[Items listed in a dataset]
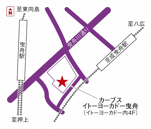 東武曳舟駅にて下車。東口を出て目の前の横断歩道を渡り、たから通り側口よりイトーヨーカドーに入店。エスカレーターで4階まで上がり、右手に曲がる。namcoさんの隣。
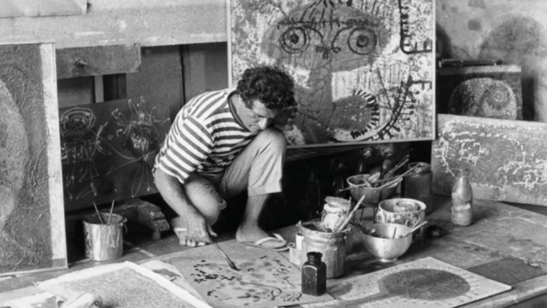 Bedri Rahmi Eyüboğlu, 1950 yılında Ankara Dil Tarih ve Coğrafya Fakültesi’nde 150 resimden oluşan büyük bir “Retrospektif” sergisi düzenleyerek sanat dünyasında önemli bir adım attı. Bu dönemde birkaç aylığına Paris’e gitme fırsatı buldu ve burada özellikle İnsan Müzesi’nden derinlemesine etkilendi. Bu etkiyle birlikte “Güzel yararlı olmalıdır” anlayışını benimseyerek geleneksel yazmacılık sanatına modern bir yorum getirdi. 1950 yılı aynı zamanda Bedri Rahmi’nin İstanbul’daki Kariye Camii‘nde bir düzenleme yaparak Bizans mozaikleriyle ilgilenmeye başladığı bir dönemi de işaret eder. 1951’de Küçük Sahne’nin dekorasyonunu üstlendi ve aynı yıl boya ile mozaik dokusunda eserler üretmeye devam etti.
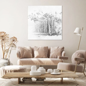 Impression sur toile - Image sur toile - Un dessin d'une forêt de bouleaux dans un croquis au crayon subtil - 70x100cm - Lumière d'une forêt de bouleaux - Décoration murale moderne pour le salon et la chambre ARTTOR
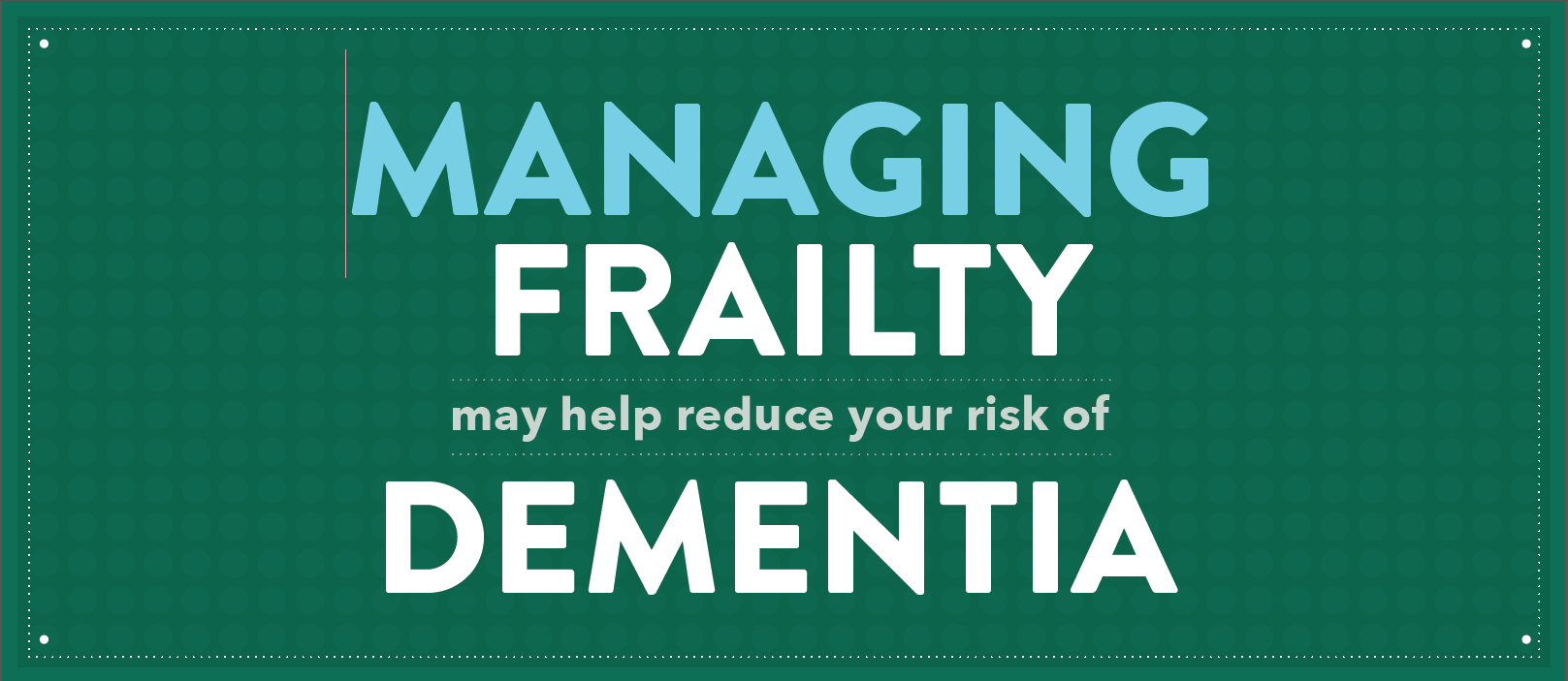 As our population ages, the number of people with dementia is increasing rapidly. Alzheimer’s disease is the most common cause of dementia (syndrome of memory and functional impairment). Treating frailty may better support patients, families, and aid in health care delivery.
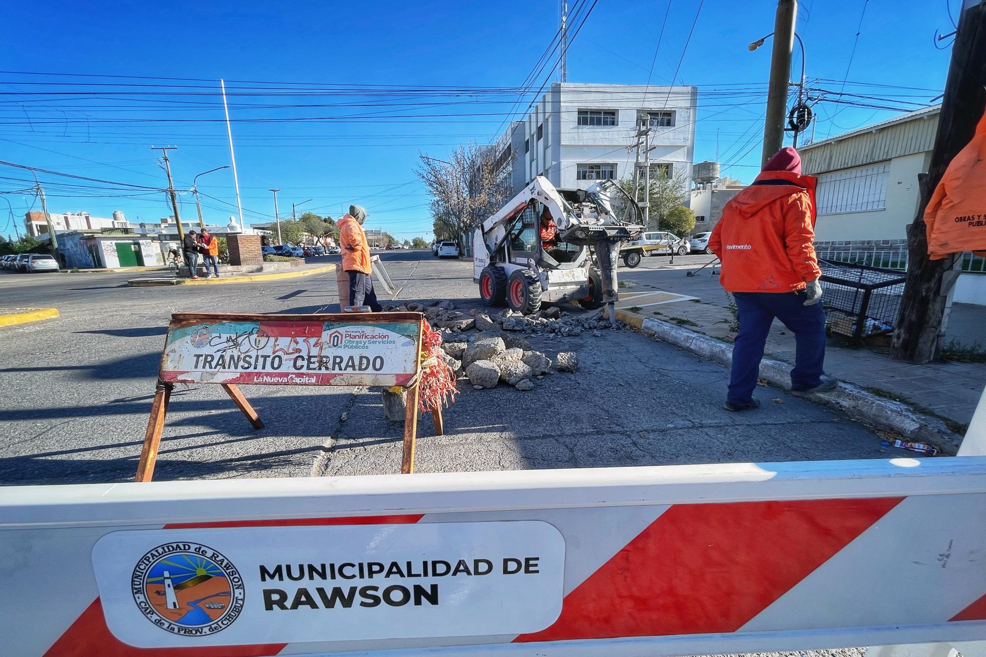 La Municipalidad de Rawson, a través de la Secretaría de Obras y Servicios Públicos, puso en marcha este viernes 17 de abril la repavimentación en la intersección de avenida 25 de Mayo y calle Belgrano. La intervención contempla la remoción y reemplazo de paños de hormigón dañados, en el marco de una planificación que se ejecuta por etapas.
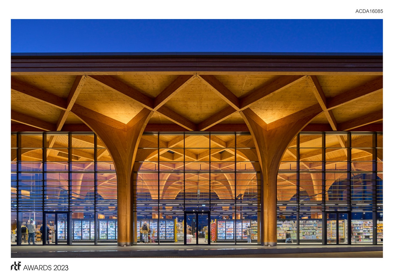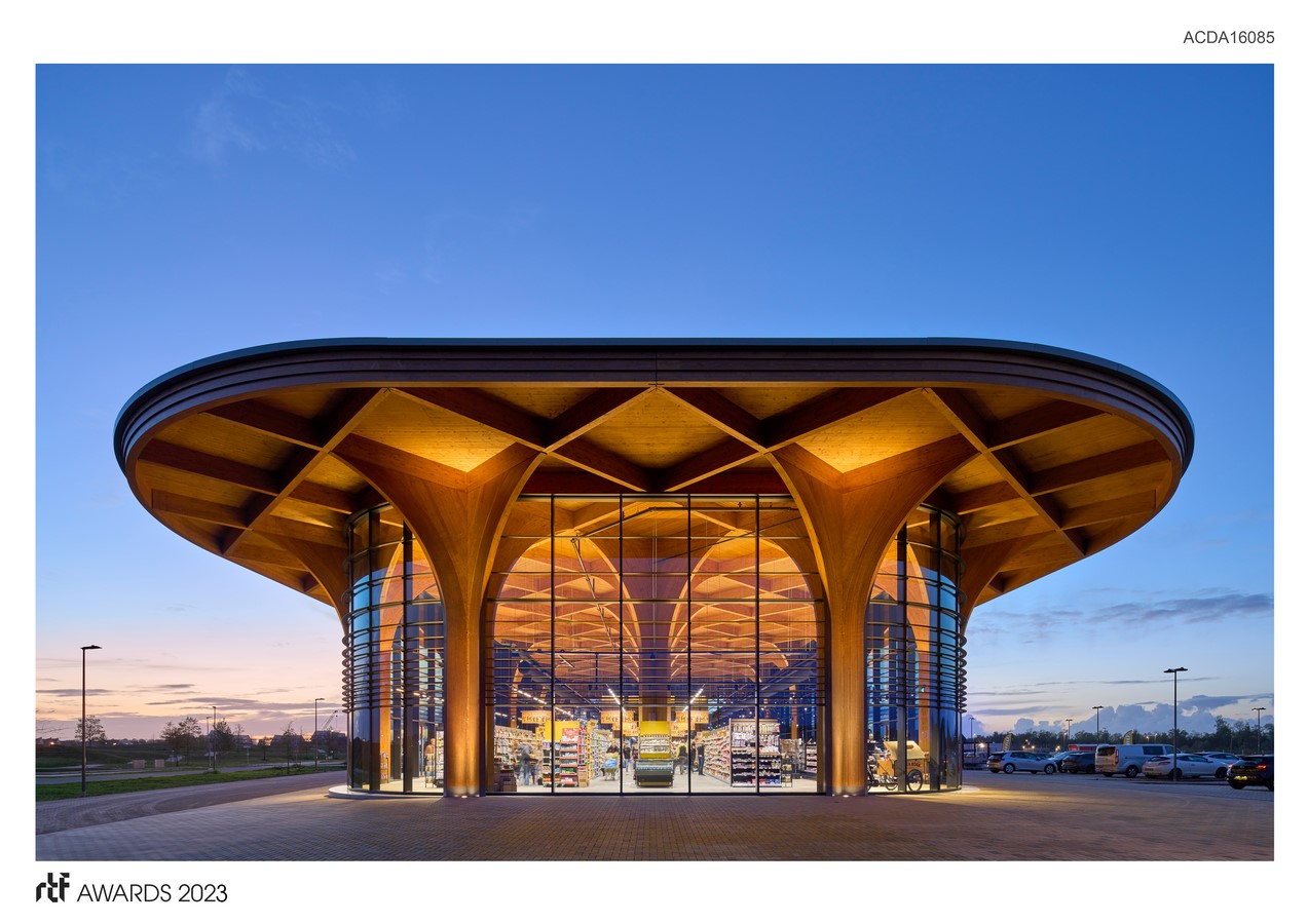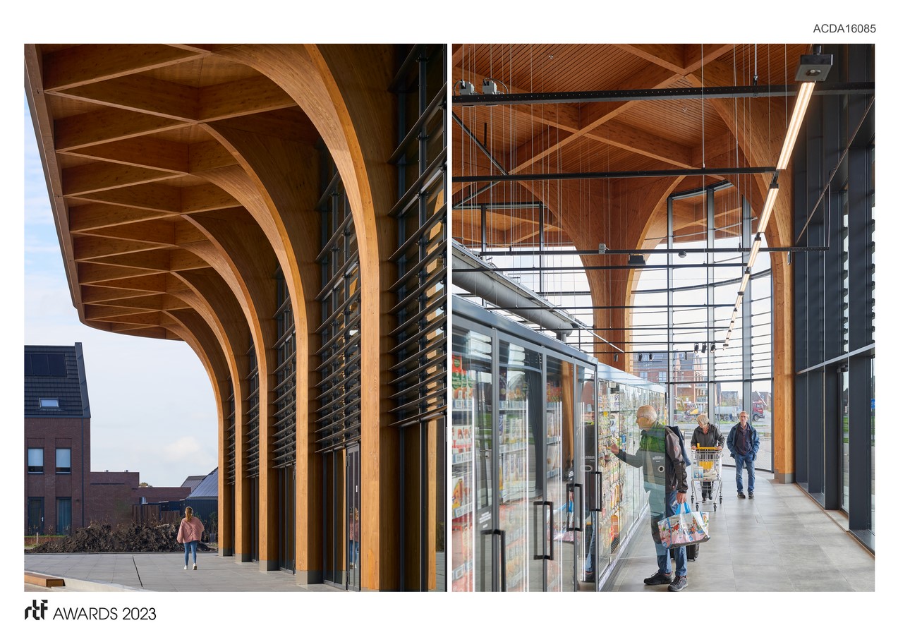 SuperHub offers the Meerstad neighbourhood an opportunity for varied functionality, and currently includes a supermarket and a cafรฉ. The open and spacious building functions as a meeting place for residents in addition to its function of providing food. Our aim was to make the shopping experience personal and social again, and to offer residents a refreshing alternative to the increasingly popular express delivery services. The impressive spatial qualities of the structure are essential here to fulfil its purpose as an attractive and multifunctional community centre. This way, the supermarket becomes a place for everyday groceries as well as way for meeting each other, thereby contributing to the social sustainability of the Meerstad neighbourhood.

Work to complete —
If any image appears in the entries, omit it and return the rest verbatim.

Written response —
 東武曳舟駅にて下車。東口を出て目の前の横断歩道を渡り、たから通り側口よりイトーヨーカドーに入店。エスカレーターで4階まで上がり、右手に曲がる。namcoさんの隣。
 Bedri Rahmi Eyüboğlu, 1950 yılında Ankara Dil Tarih ve Coğrafya Fakültesi’nde 150 resimden oluşan büyük bir “Retrospektif” sergisi düzenleyerek sanat dünyasında önemli bir adım attı. Bu dönemde birkaç aylığına Paris’e gitme fırsatı buldu ve burada özellikle İnsan Müzesi’nden derinlemesine etkilendi. Bu etkiyle birlikte “Güzel yararlı olmalıdır” anlayışını benimseyerek geleneksel yazmacılık sanatına modern bir yorum getirdi. 1950 yılı aynı zamanda Bedri Rahmi’nin İstanbul’daki Kariye Camii‘nde bir düzenleme yaparak Bizans mozaikleriyle ilgilenmeye başladığı bir dönemi de işaret eder. 1951’de Küçük Sahne’nin dekorasyonunu üstlendi ve aynı yıl boya ile mozaik dokusunda eserler üretmeye devam etti.
 Impression sur toile - Image sur toile - Un dessin d'une forêt de bouleaux dans un croquis au crayon subtil - 70x100cm - Lumière d'une forêt de bouleaux - Décoration murale moderne pour le salon et la chambre ARTTOR
 As our population ages, the number of people with dementia is increasing rapidly. Alzheimer’s disease is the most common cause of dementia (syndrome of memory and functional impairment). Treating frailty may better support patients, families, and aid in health care delivery.
 La Municipalidad de Rawson, a través de la Secretaría de Obras y Servicios Públicos, puso en marcha este viernes 17 de abril la repavimentación en la intersección de avenida 25 de Mayo y calle Belgrano. La intervención contempla la remoción y reemplazo de paños de hormigón dañados, en el marco de una planificación que se ejecuta por etapas.
 SuperHub offers the Meerstad neighbourhood an opportunity for varied functionality, and currently includes a supermarket and a cafรฉ. The open and spacious building functions as a meeting place for residents in addition to its function of providing food. Our aim was to make the shopping experience personal and social again, and to offer residents a refreshing alternative to the increasingly popular express delivery services. The impressive spatial qualities of the structure are essential here to fulfil its purpose as an attractive and multifunctional community centre. This way, the supermarket becomes a place for everyday groceries as well as way for meeting each other, thereby contributing to the social sustainability of the Meerstad neighbourhood.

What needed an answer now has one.